Seventy Years After Hiroshima and Nagasaki

Toward a World Free of Nuclear Weapons

The Peace Memorial Park in Hiroshima, Japan, August 2005. (Yuriko Nakao / Courtey Reuters)

Next year marks the 70th anniversary of the atomic bombings of Hiroshima and Nagasaki, which will coincide with the upcoming Nuclear Nonproliferation Treaty (NPT) review conference. This important occasion will offer a unique opportunity to advance the vision of a world free of nuclear weapons.

After the Cold War, a nuclear-free world appeared to be within reach. However, the lack of a collective sense of ownership allowed the issue to fade from the public consciousness. Despite the establishment of a peaceful post–Cold War order, proliferation continued. Nuclear risks became more diverse. Now the world faces three key challenges. 
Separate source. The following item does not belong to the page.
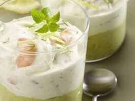 Avocado mousse with crab and prawns in jars: quick and easy!

First, under article VI of the NPT, the fundamental international framework for nuclear issues, parties pledge to “pursue negotiations in good faith” for nuclear disarmament. Yet the world has experienced a massive buildup of nuclear capabilities in a non-transparent manner. Today, there are over 16,000 nuclear weapons in existence -- more than enough to destroy mankind. Many of these weapons systems are said to remain on high alert, and the risk of accidental or unauthorized use continues to represent a tremendous concern. 

Second, the world faces a myriad of regional proliferation challenges. In 2003, North Korea unilaterally declared its withdrawal from the NPT. Pyongyang conducted nuclear tests in 2006, 2009, and 2013, and it still continues to develop its nuclear and missile programs. Iran’s nuclear program also remains a matter of concern for the international community, although there has been some progress since last year toward a resolution. 
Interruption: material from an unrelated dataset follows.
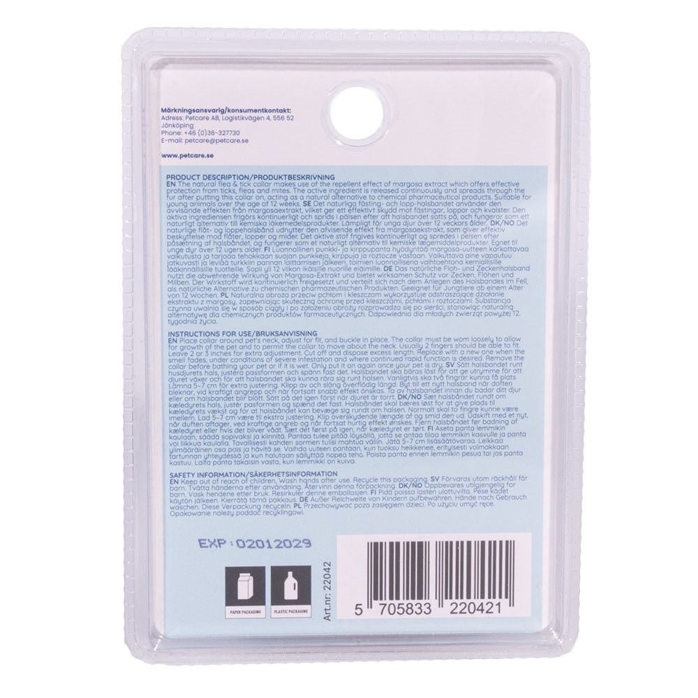 • Sätt på halsbandet och låt det göra jobbet – inga krångliga behandlingar eller upprepade appliceringar.

Third, terrorist groups and other nonstate actors are increasingly engaging in illegal proliferation activities through ever more sophisticated means. According to the International Atomic Energy Agency (IAEA), more than 100 cases of illicit trafficking and other unauthorized activities and events involving nuclear and radioactive materials are recorded annually, with 146 such cases in 2013. Nuclear terrorism is a risk that the world must tackle with the utmost resolve.